Directions »
Starting at the line that contains "When Steven Dourmashkin", reproduce only the lines through the end of the data, exactly, including both the first and the last; skip the pictures.

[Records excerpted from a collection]
◆ ◆ ◆ ◆ ◆ ◆ ◆

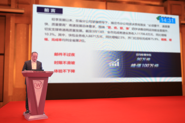 宿迁市邮政分公司围绕“管、优、联、保”四字诀,推动网运效能全面提升,有力支撑寄递高质量发展。分公司党委书记、总经理袁兵在全省寄递工作会上作经验交流。
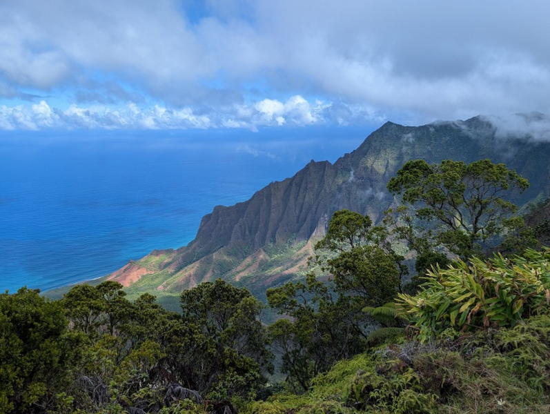 但し、ここからナパリ・コーストには下りられず島の東岸から大回りする必要があり最後は往復数日のトレッキングを要する
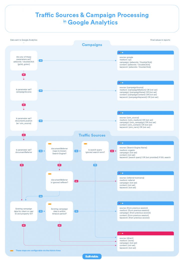To properly understand the causes and fixes for direct traffic, it’s important to understand exactly how GA processes traffic sources. The following flow-chart illustrates how sessions are bucketed — note that direct sits right at the end as a final "catch-all" group.
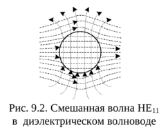В отличие от металлического волновода, в диэлектрическом волноводе могут существовать не только волны типа Е и Н, но и волны смешанного типа НЕ, у которых Нz≠0 и Еz≠0.
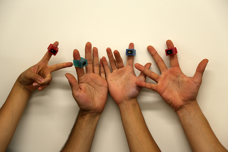 When Steven Dourmashkin pulls me over to his desk and offers me a ring, he’s not proposing — he’s introducing me to Specdrums, the company that he and cofounder Matt Skeels created in 2014. The ring in question is compact, made of silicone, and comes in several different colors. When the user taps it against a colored surface – a wall, a Post-It note, a pant leg – a sound plays. Tap on a different colored surface, and the sound changes style or pitch. The ring, connected via Bluetooth to the user’s phone, can loop in as many as 1000 sound/color combos, creating a veritable cacophony of music and noise.
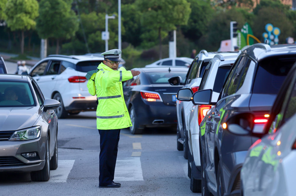 5月4日,民警在貴州省黔東南苗族侗族自治州丹寨縣萬(wàn)達(dá)小鎮(zhèn)為游客指揮交通。新華社發(fā)(陸德華 攝)

◆ ◆ ◆ ◆ ◆ ◆ ◆

Response box »
 When Steven Dourmashkin pulls me over to his desk and offers me a ring, he’s not proposing — he’s introducing me to Specdrums, the company that he and cofounder Matt Skeels created in 2014. The ring in question is compact, made of silicone, and comes in several different colors. When the user taps it against a colored surface – a wall, a Post-It note, a pant leg – a sound plays. Tap on a different colored surface, and the sound changes style or pitch. The ring, connected via Bluetooth to the user’s phone, can loop in as many as 1000 sound/color combos, creating a veritable cacophony of music and noise.
 5月4日,民警在貴州省黔東南苗族侗族自治州丹寨縣萬(wàn)達(dá)小鎮(zhèn)為游客指揮交通。新華社發(fā)(陸德華 攝)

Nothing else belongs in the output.